I’ll leave you with a few excerpts from the blog that Reed kept last season (3/4 of which pertains to diminutive teammate Mike Fontenot) and, of course, the muppets.

As far as the NCAA tournament goes, I think I’ll have a better chance this year because I’m going to have my wife fill out a couple sheets. She’ll pick the teams because she thinks the Cardinals are cool or the Blue Devils are pretty neat. I think I’ve got five or six years running where I always get the worst sheet. That’s why I’m going to let her do it. I think I’ll have a better chance

Now, you see everybody dress up nice. Font got his new outfit from “Gap for Kids” and Theriot’s suit is from “Men’s Wearhouse.” When you see those things, you know it’s time to go.
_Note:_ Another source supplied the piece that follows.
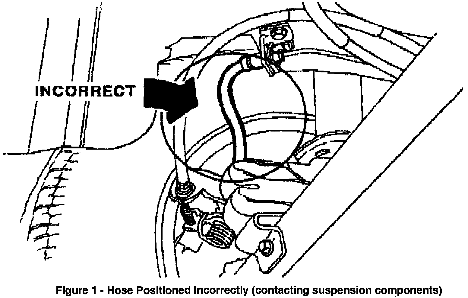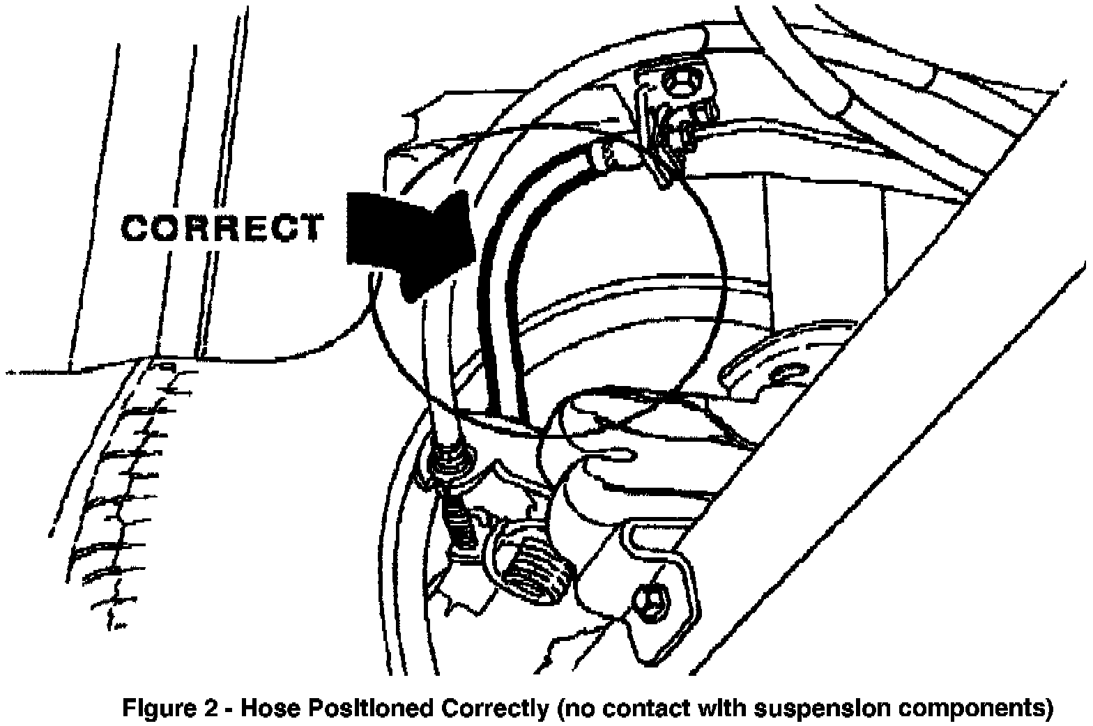 2. Inspect both (Right & Left) rear brake hoses for proper position (see Figure 1 and Figure 2).

I’ve never raced Joey [Gathright.] I have a pretty good feeling that he’s faster than I am. He’s probably jumped over a lot more cars than I have. I was thinking of putting something on YouTube of Reed Johnson jumping over a car and it may be a Matchbox type car or a Tonka truck. I’m sure people would get a kick out of that. That’s the extent of the cars I’ll jump over.

Theriot’s thing is hamburgers. He eats a lot of Drumsticks. Have you seen those ice cream things? I’ve seen him eat French toast. I just follow him around and try to eat whatever he eats. He’ll occasionally take his shirt off and go in the weight room but he just works beach muscles. It’s not functional stuff that would help you on the baseball field. He goes in there and does bi’s and tri’s and chest, and then checks out his spray tan in the mirror.

Font’s play Wednesday, on a scale of 1 to 10, I’d say it was about a 7 or 8. A normal-sized person, it would take him from second base to where Font caught the ball about seven or eight steps. Font took like 30 steps because he has little mini steps. I guess we can call it a 9 then because that would add to the degree of difficulty. He had to go twice as far as I would have.

As for Font, they should look for some type of medicine in the offseason to help him grow. It’s going to be tough for him. I don’t know if they have machines to hook him up to and stretch him out or whatever. Maybe he’s only 12. Maybe he has a fake birth certificate. Maybe he could hit a growth spurt in the offseason. We’ll see.